Collected material:

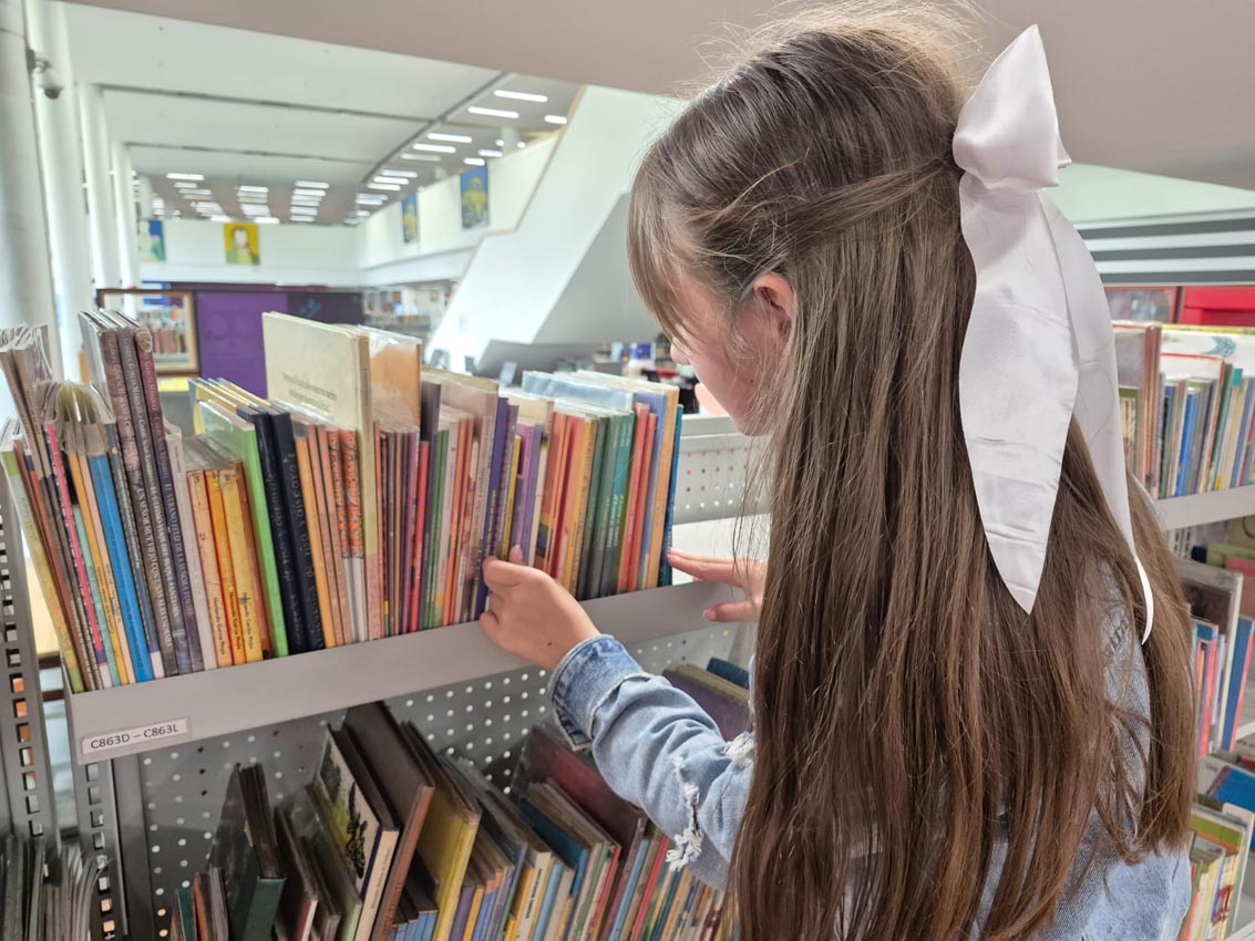 María Fernanda en la Sala infantil Pedrito Botero de la Biblioteca Pública Piloto.
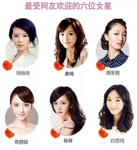 当时在网络票选活动中,刘诗诗、唐嫣、周冬雨、佟丽娅、杨幂和白百何入选最受网友欢迎的女星前列。
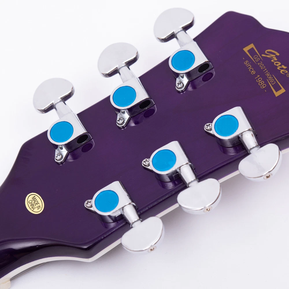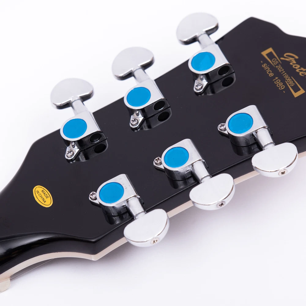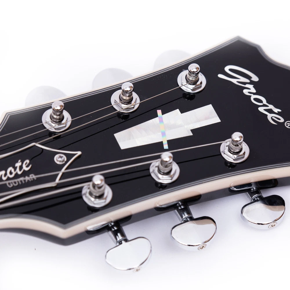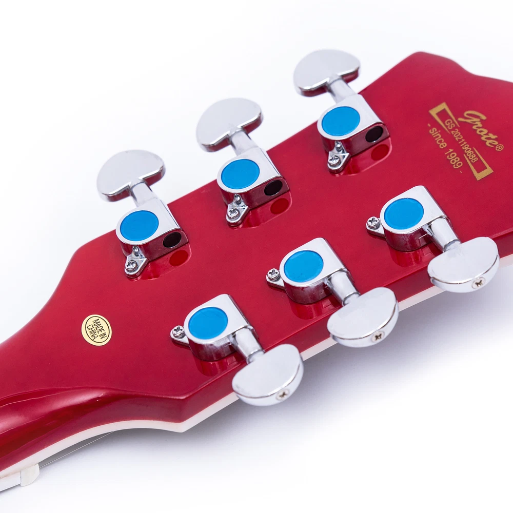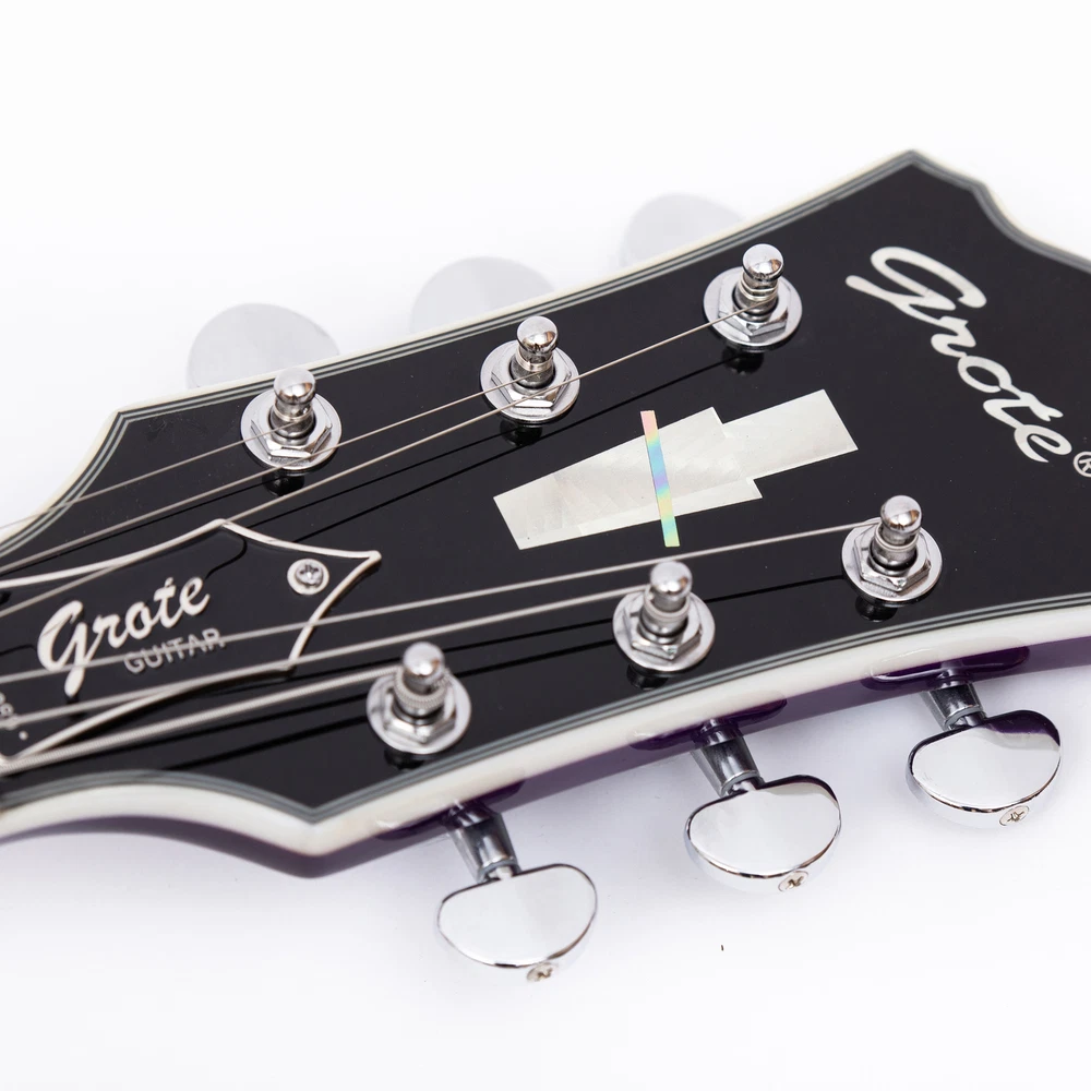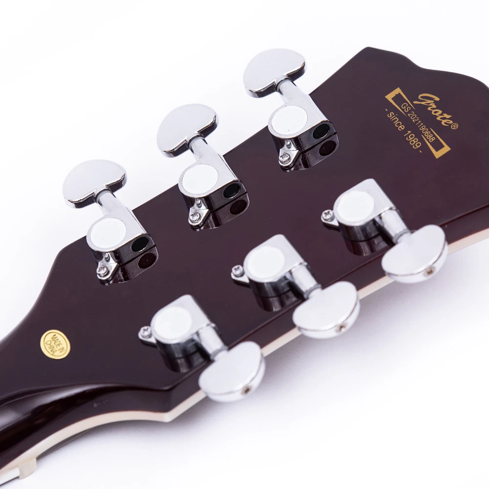 The perfect combination of unique style and left-handed design with our reverse electric guitar. The semi-hollow body made of high-quality basswood produces a warm and rich tone with excellent sustain, while the stunning maple printed design adds a touch of personality and style.Left-handed players can now enjoy a unique and inspiring playing experience with a guitar that is specifically designed for their needs. The Grote laser anti-counterfeiting label that you are getting an authentic and high-quality instrument, while the metal truss rod cover provides extra durability and protection. Designed for powerful, high-gain tones and a thicker, fuller sound, our humbucker pickups offer a level of versatility that can't be matched. Whether you're playing heavy metal, classic rock, or blues, our guitar will provide a dynamic range of sound that will have you shredding like a pro. The rosewood fingerboard on this electric guitar adds a touch of elegance and warmth to its already exceptional sound and playability. With its smooth surface and rich, resonant tone.

Instructions for the task:
Once the pictures are set aside, repeat the remaining data word for word.

Task answer:
 María Fernanda en la Sala infantil Pedrito Botero de la Biblioteca Pública Piloto.
 当时在网络票选活动中,刘诗诗、唐嫣、周冬雨、佟丽娅、杨幂和白百何入选最受网友欢迎的女星前列。
 The perfect combination of unique style and left-handed design with our reverse electric guitar. The semi-hollow body made of high-quality basswood produces a warm and rich tone with excellent sustain, while the stunning maple printed design adds a touch of personality and style.Left-handed players can now enjoy a unique and inspiring playing experience with a guitar that is specifically designed for their needs. The Grote laser anti-counterfeiting label that you are getting an authentic and high-quality instrument, while the metal truss rod cover provides extra durability and protection. Designed for powerful, high-gain tones and a thicker, fuller sound, our humbucker pickups offer a level of versatility that can't be matched. Whether you're playing heavy metal, classic rock, or blues, our guitar will provide a dynamic range of sound that will have you shredding like a pro. The rosewood fingerboard on this electric guitar adds a touch of elegance and warmth to its already exceptional sound and playability. With its smooth surface and rich, resonant tone.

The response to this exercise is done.